El episodio de Monterrey, cuando Castañeda era canciller y se
le hizo una majadería a Fidel Castro, siembra en uno serias
dudas. Pero poco a poco, y bajo la presión de asuntos tan
delicados como el de los inmigrantes mexicanos, Fox ha ido
cambiando y ahora esgrime los argumentos tradicionales de la
política internacional de México. Esto merece aplauso y
aprobación. Y por cierto, no se trata en la especie de un
México nuevo sino del país de siempre, con una larga historia
en el ámbito internacional. El mérito de Fox consiste, sin
duda, en reconocerlo y admitirlo.
Ahora bien, los días que corren son de los más delicados en la
reciente historia del mundo. El Presidente de Estados Unidos
se revela como un militarista a ultranza, no importa que
entrampado en las redes de la conflictiva historia
contemporánea.
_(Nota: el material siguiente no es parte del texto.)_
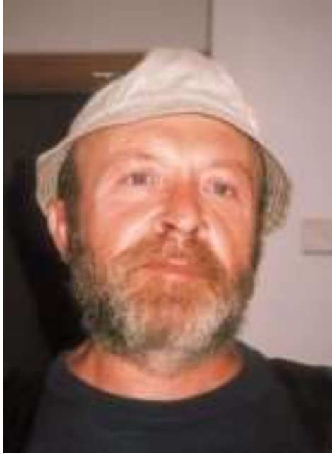
Partaka (n. 20ma y.c.)

Es un hombre que sin miramientos y con
poquísima perspectiva histórica convoca y concita a la
violencia. Dice que está decepcionado de la actitud de la OTAN,
principalmente de Francia y de Bélgica, e ignora que por
abrumadora mayoría el mundo está decepcionado de él. Tal vez
pase a la historia como el autor inmisericorde de la tercera
guerra mundial. Ojalá y no. Lo lamentable dentro de tal
contexto, incluso lo terrible, es que somos vecinos de Estados
Unidos; sin olvidar los veneros de petróleo que ahora quiere
el diablo capitalista, recordando a López Velarde. Nuestra
situación como país es muy delicada. Pero si algo tenemos de
qué enorgullecernos es de nuestra política internacional, no de la |
manipulada por intereses mezquinos sino de la auténtica,
forjada a la luz y amparo de la inteligencia jurídica y
diplomática. Al respecto, el Presidente de México ha hecho un
enérgico llamado en contra de la guerra en Irak. Lo hizo al
final de la entrega de los premios de investigación 2001-2002.
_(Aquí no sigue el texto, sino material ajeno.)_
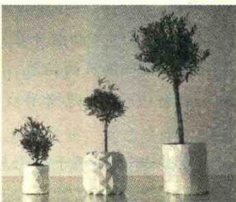
图 1-2 创意设计·和花草一起长大的花瓶

Exclamó: "¡No al militarismo, no a la guerra!" Pero de manera
inusual y cuando concluyó su discurso, dijo: "¡Sí al desarme,
sí al consenso, sí al multilateralismo!"
Más claro ni el agua. Lo que alarma y sorprende es la actitud
hostil y soberbia del Presidente de Estados Unidos y de su
secretario de Estado. Sostienen que irán a la guerra con o sin
la aprobación de las Naciones Unidas. ¿México pagará caro su
resolución de renegar de la guerra, de repudiarla, habida
cuenta que los norteamericanos sí la quieren? Tal vez. El
mundo de hoy es incierto, pero no es posible ni debido vivir y
convivir en él al margen de los principios que conforman la
historia y la tradición de un país. En la especie pocos, muy
pocos, tenemos dudas de que el gobierno actual de Estados
Unidos sólo mira a su conveniencia e intereses. Quizá vea en
la guerra un medio de recuperar su economía averiada o quizá
en el panorama internacional no le quede otro camino que el de
conservar su poder y su "prestigio" congraciándose con el dios
Marte. Pero Estados Unidos no es el mundo, y al margen o a
pesar de su gigantesco poderío militar hay muchas naciones que
repudian la belicosidad y defienden los valores del espíritu.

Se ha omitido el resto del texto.